**What is expected:**
Where the line containing "This painting depicts" appears, end the copy there, keeping that line; start from the first line of the entries, copy exactly, and omit pictures.
=== Section Start ===
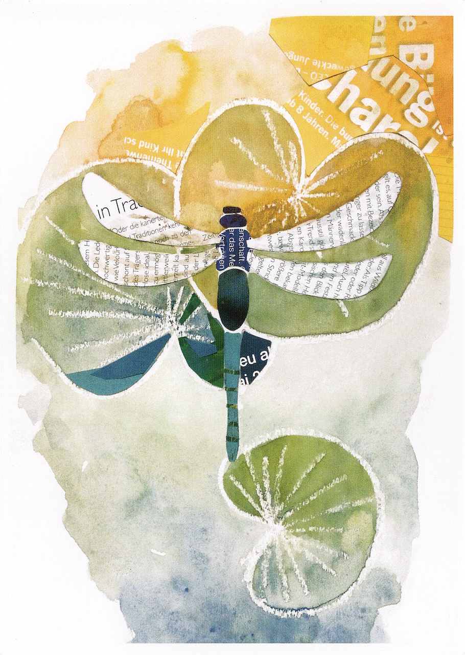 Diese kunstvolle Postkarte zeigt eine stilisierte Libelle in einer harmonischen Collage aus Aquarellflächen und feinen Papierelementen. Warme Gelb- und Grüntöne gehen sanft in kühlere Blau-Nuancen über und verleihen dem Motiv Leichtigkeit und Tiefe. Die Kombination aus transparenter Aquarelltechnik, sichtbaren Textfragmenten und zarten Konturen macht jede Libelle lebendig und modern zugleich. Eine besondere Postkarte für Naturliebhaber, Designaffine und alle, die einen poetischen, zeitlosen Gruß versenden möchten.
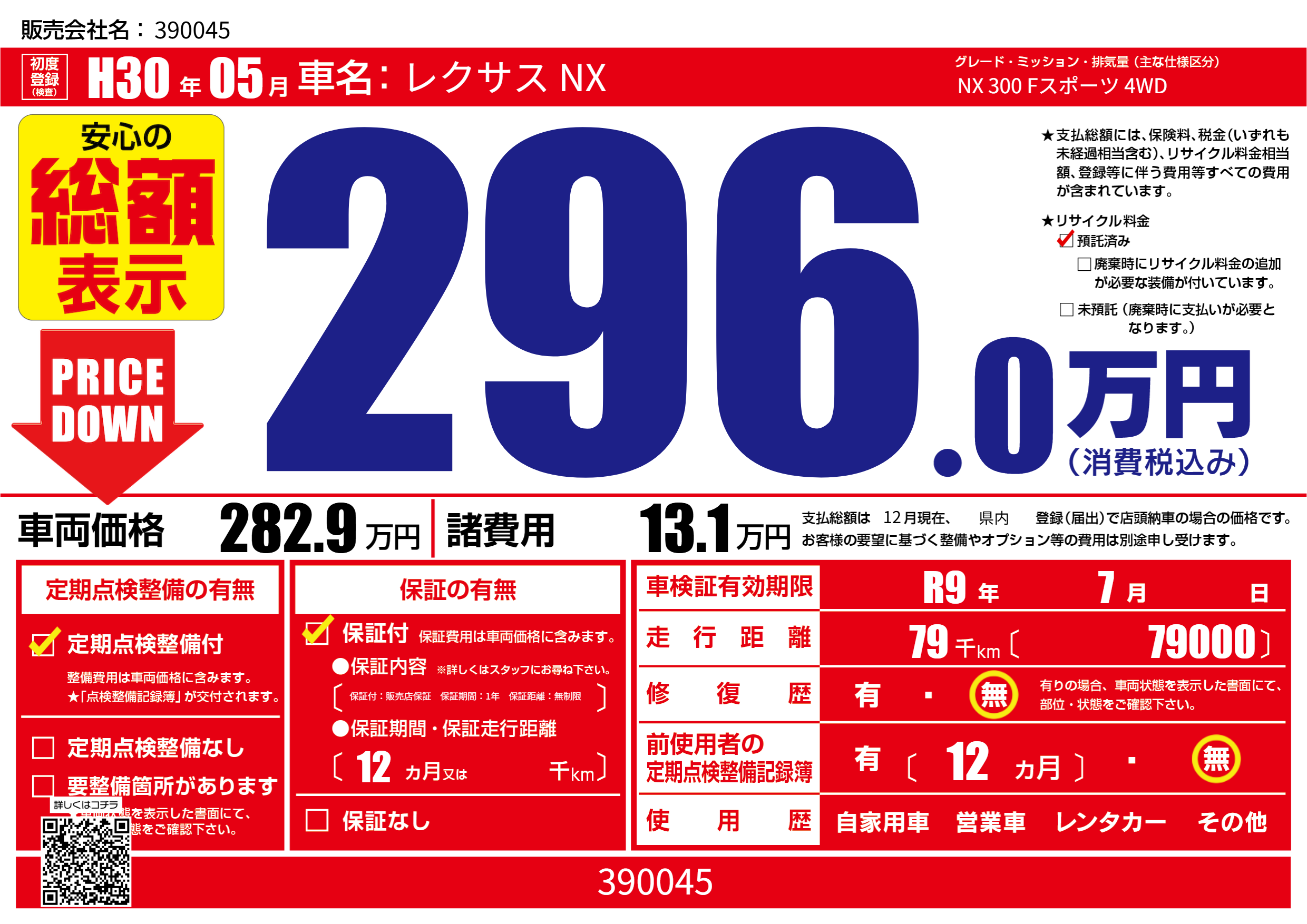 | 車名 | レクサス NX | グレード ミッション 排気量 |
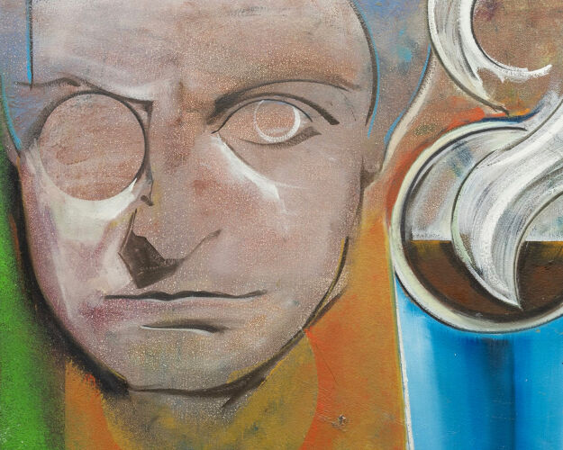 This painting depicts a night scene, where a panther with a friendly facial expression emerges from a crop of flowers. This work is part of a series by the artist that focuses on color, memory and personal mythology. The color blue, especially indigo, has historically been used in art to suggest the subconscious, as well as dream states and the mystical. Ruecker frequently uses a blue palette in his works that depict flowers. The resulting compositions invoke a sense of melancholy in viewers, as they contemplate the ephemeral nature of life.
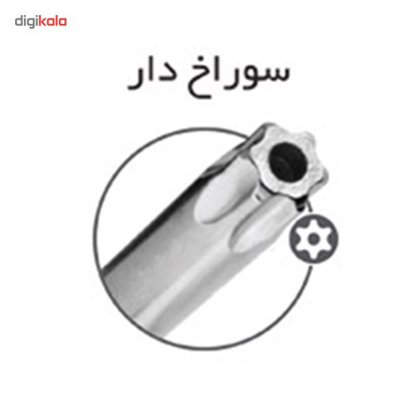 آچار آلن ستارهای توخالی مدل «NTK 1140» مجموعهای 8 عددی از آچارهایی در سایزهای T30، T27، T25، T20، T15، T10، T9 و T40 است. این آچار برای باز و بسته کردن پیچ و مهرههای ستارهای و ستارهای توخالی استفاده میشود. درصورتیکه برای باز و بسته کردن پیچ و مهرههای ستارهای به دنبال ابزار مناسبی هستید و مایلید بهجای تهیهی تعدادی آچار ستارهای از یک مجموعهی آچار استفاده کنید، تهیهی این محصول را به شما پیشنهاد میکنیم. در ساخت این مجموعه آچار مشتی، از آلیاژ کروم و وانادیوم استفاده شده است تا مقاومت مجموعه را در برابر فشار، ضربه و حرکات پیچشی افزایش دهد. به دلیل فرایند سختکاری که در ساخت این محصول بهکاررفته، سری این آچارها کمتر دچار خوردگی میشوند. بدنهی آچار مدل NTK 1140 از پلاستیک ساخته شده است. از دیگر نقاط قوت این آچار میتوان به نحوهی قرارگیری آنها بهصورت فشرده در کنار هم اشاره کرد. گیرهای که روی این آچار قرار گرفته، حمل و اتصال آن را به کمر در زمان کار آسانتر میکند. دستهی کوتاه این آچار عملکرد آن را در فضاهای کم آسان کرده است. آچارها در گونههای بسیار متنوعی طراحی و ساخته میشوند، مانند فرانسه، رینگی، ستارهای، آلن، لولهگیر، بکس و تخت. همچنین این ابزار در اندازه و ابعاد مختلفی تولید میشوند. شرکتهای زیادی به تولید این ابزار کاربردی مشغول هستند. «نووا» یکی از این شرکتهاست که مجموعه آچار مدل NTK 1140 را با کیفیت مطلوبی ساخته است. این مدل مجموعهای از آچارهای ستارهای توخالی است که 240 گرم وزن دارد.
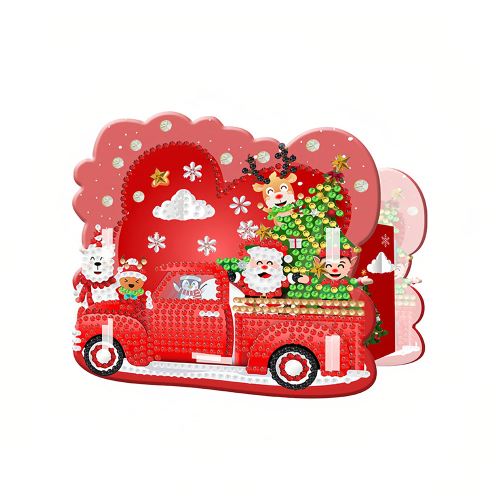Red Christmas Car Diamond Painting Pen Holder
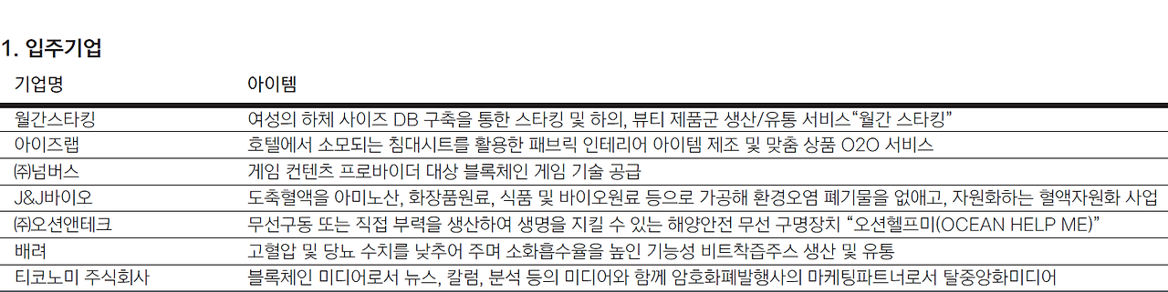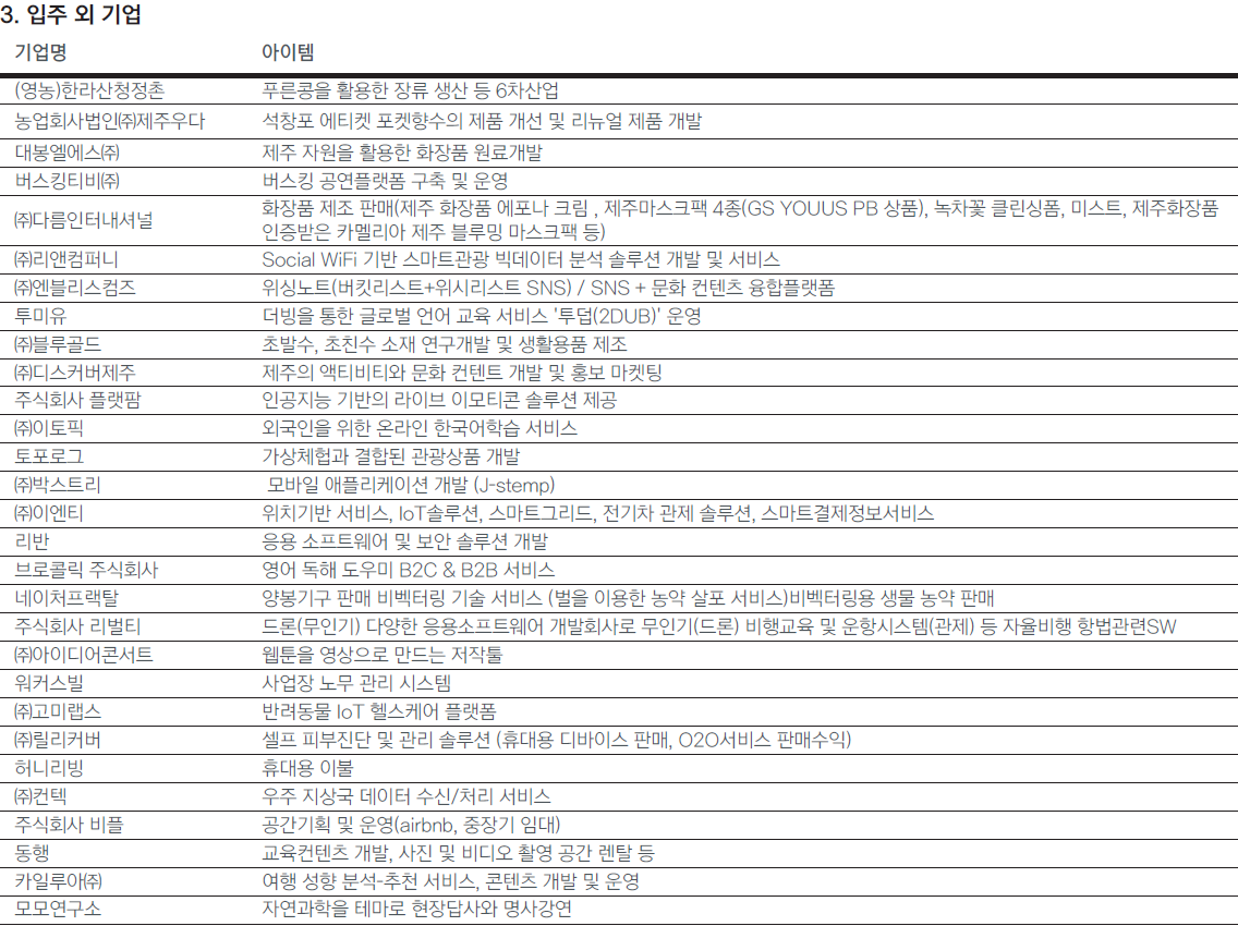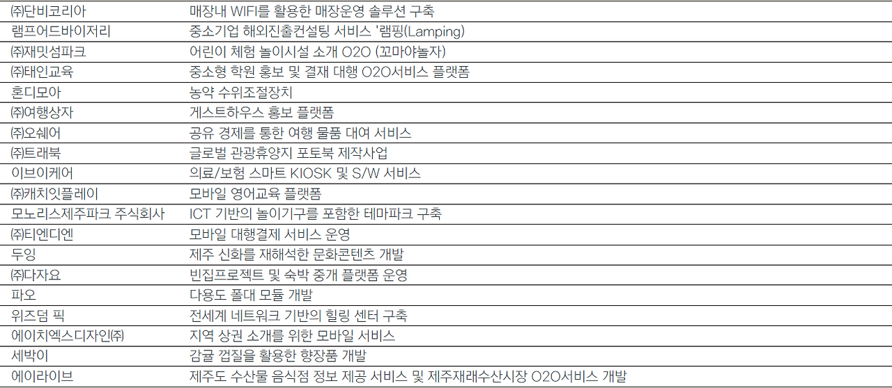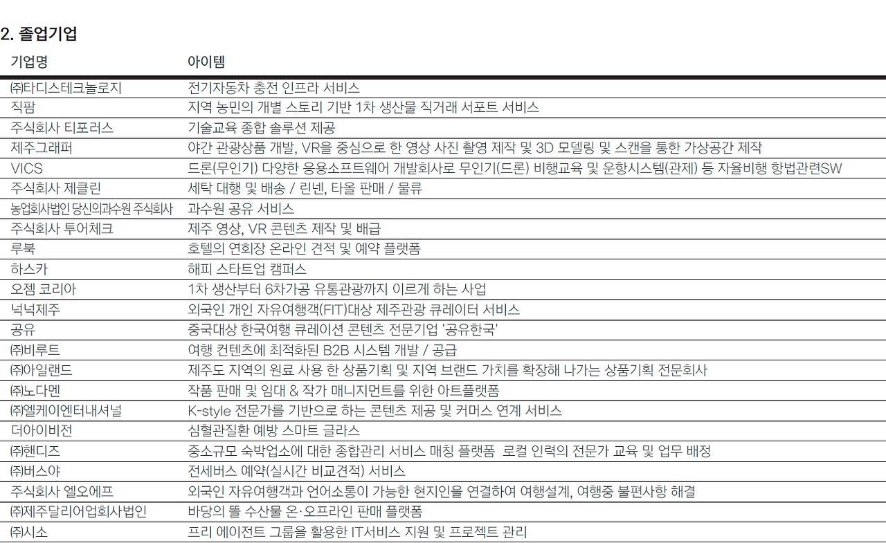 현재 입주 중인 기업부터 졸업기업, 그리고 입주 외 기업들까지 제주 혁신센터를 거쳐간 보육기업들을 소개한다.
=== Section End ===
**Task result:**
 Diese kunstvolle Postkarte zeigt eine stilisierte Libelle in einer harmonischen Collage aus Aquarellflächen und feinen Papierelementen. Warme Gelb- und Grüntöne gehen sanft in kühlere Blau-Nuancen über und verleihen dem Motiv Leichtigkeit und Tiefe. Die Kombination aus transparenter Aquarelltechnik, sichtbaren Textfragmenten und zarten Konturen macht jede Libelle lebendig und modern zugleich. Eine besondere Postkarte für Naturliebhaber, Designaffine und alle, die einen poetischen, zeitlosen Gruß versenden möchten.
 | 車名 | レクサス NX | グレード ミッション 排気量 |
 This painting depicts a night scene, where a panther with a friendly facial expression emerges from a crop of flowers. This work is part of a series by the artist that focuses on color, memory and personal mythology. The color blue, especially indigo, has historically been used in art to suggest the subconscious, as well as dream states and the mystical. Ruecker frequently uses a blue palette in his works that depict flowers. The resulting compositions invoke a sense of melancholy in viewers, as they contemplate the ephemeral nature of life.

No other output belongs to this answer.